As the trend progresses, the later it gets, the less suitable it is to chase highs.
You should focus more on buying pullbacks
because all bull channels eventually evolve into trading ranges.

Because every bull channel ultimately evolves into a trading range,
if you continue to chase highs late in the channel,
you will very likely get trapped:
the market starts transitioning into a consolidation phase,
and what you thought was a continuing uptrend actually turns into sideways action.
This is the greatest danger late in a channel,
especially after the rally has lasted more than 20 bars.
Early in a rally, the success rate of chasing highs is higher;
but the later it gets, the lower the success rate and the greater the risk of failure.

Therefore, late in a bull channel,
you should only take reversal buys after obvious pullbacks,
rather than chasing highs after consecutive bull bars.
Late in the channel, pullbacks are usually deeper
and reversal signals are stronger.
If you see a large bull bar
that has reversed up from a support level (such as a prior swing high or the moving average),
that is a buy signal worth taking.
You can place a buy stop order above the high of this bull bar,
or wait for the next follow-through bull bar to close and buy at market price.

Late in a trend, traders' confidence gradually weakens.
You will see that the market has increasing difficulty making new highs.
Bulls take profits quickly after each new high,
and bears also enter short positions after each new high.
The market gradually transitions into a trading range
through this tug-of-war between bulls and bears.

This is also a very important principle in trend trading:
The stronger the trend, the more you should chase highs;
the later the trend, the more you should buy pullbacks.

Finally, it must be emphasized:
All tight bull channels eventually evolve into trading ranges —
this is not "possible" but "certain."
No trend continues indefinitely.
The market will eventually lose momentum and transition to consolidation or reversal.

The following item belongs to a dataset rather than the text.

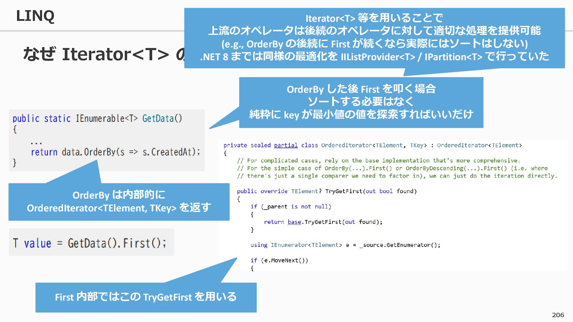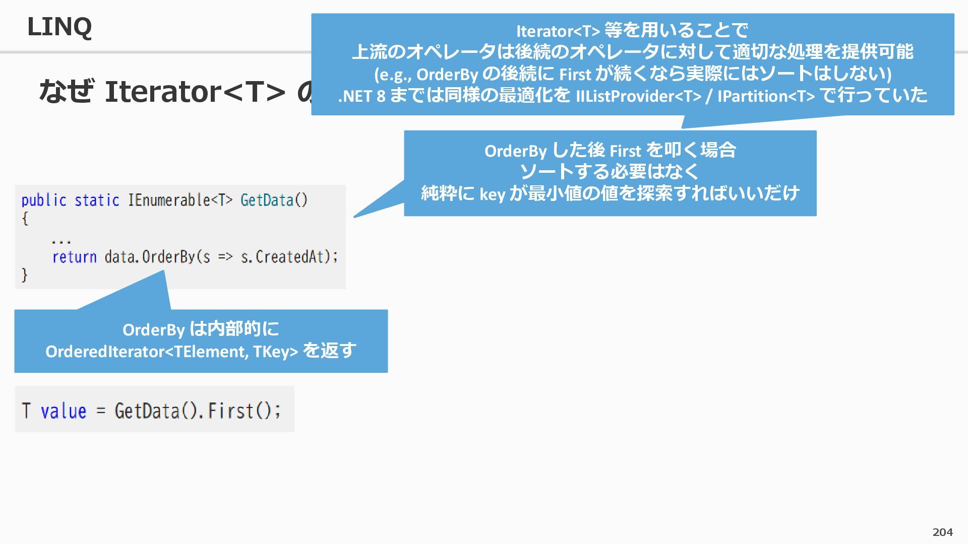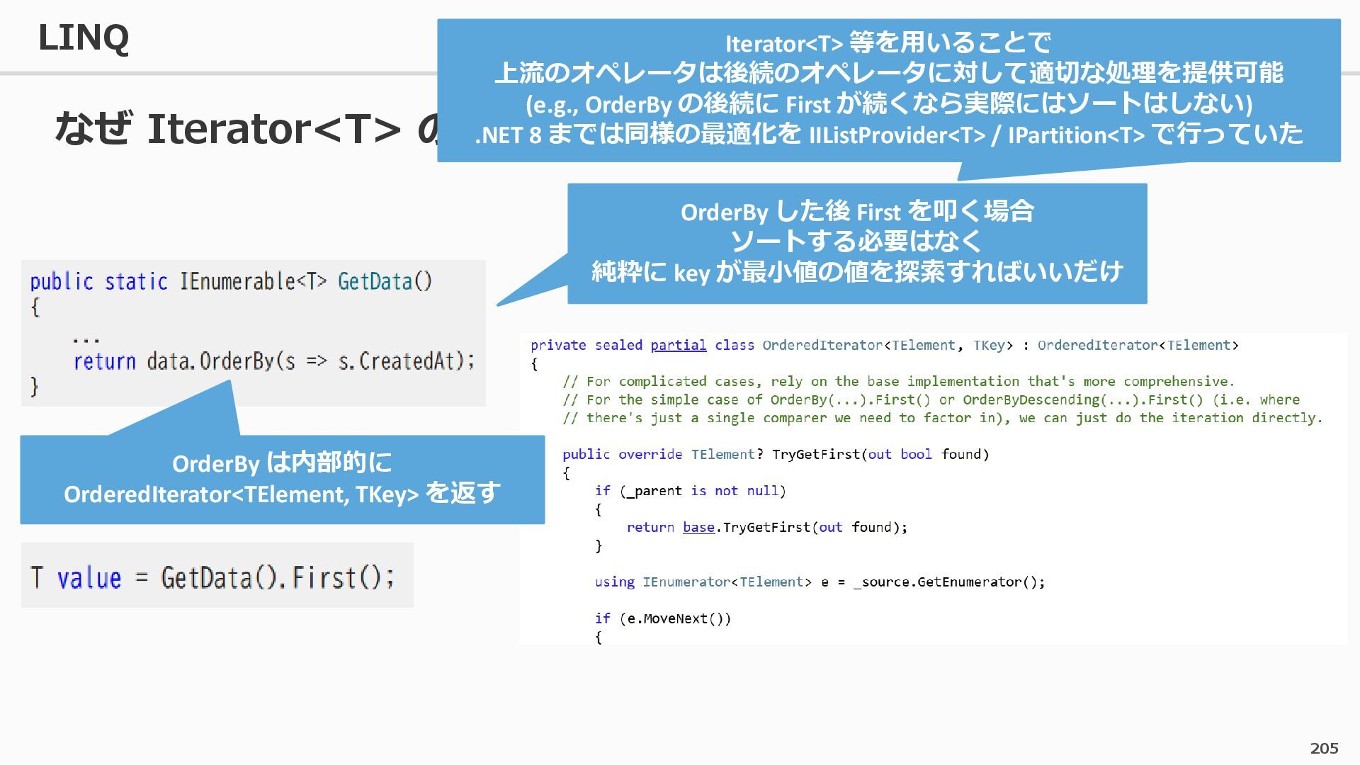 118. LINQ 205 なぜ Iterator<T> のような最適化を行うか? OrderBy した後 First を叩く場合 ソートする必要はなく
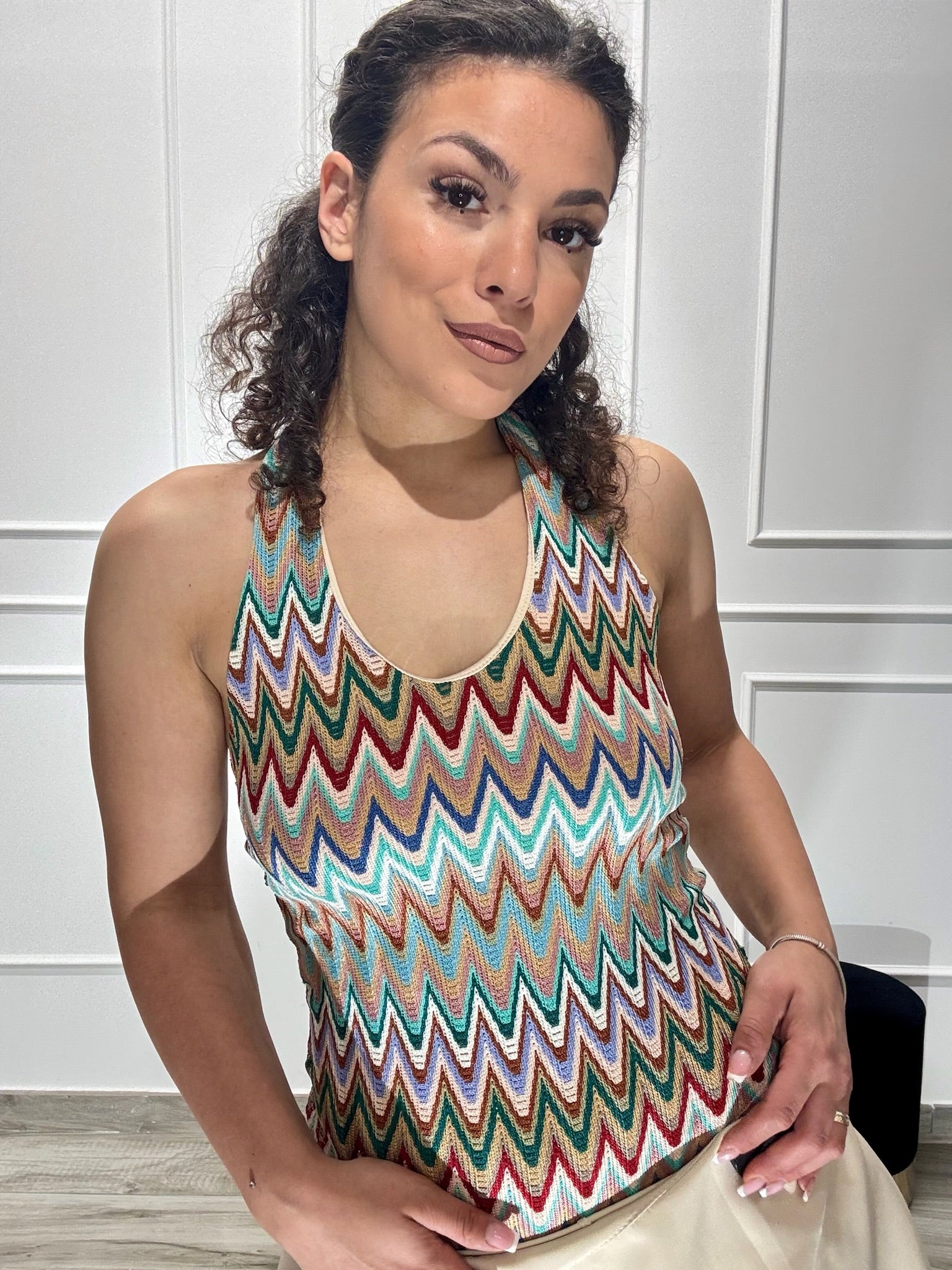 Body in tessuto traforato, fantasia spigata con scollo all’americana, tessuto elastico

Therefore, no matter how strong the channel,
you must be clear that it will end at some point.
Once you begin to see the following signals:
– Pullbacks deepening
– Rallies stalling
– Failure to make new highs
– Gaps decreasing or disappearing
– Heavy overlap between bars
– Moving average flattening
– Bulls buying but no longer pushing price higher
This indicates the channel is exhausting, and the market is about to enter consolidation.
At this point, you should avoid buying at new highs
and instead look for reversal buys at lows within the trading range,
or simply step aside and wait for the next trend to form.

You cannot decide to trade based on risk alone —
you must also consider the probability of success.
Going long in a tight bear channel has a very low probability of success.
You must also consider the potential reward.
A tight bear channel will at most form a bear flag or trading range,
so the potential reward is also very small.
This small reward combined with low probability
is far from enough to offset even a relatively small risk.

Do not go long,
because even if there is a reversal, it is only a minor reversal,
likely just a lower high within the bear channel.

But going long in a small pullback bear trend
means accumulating losses throughout the entire day.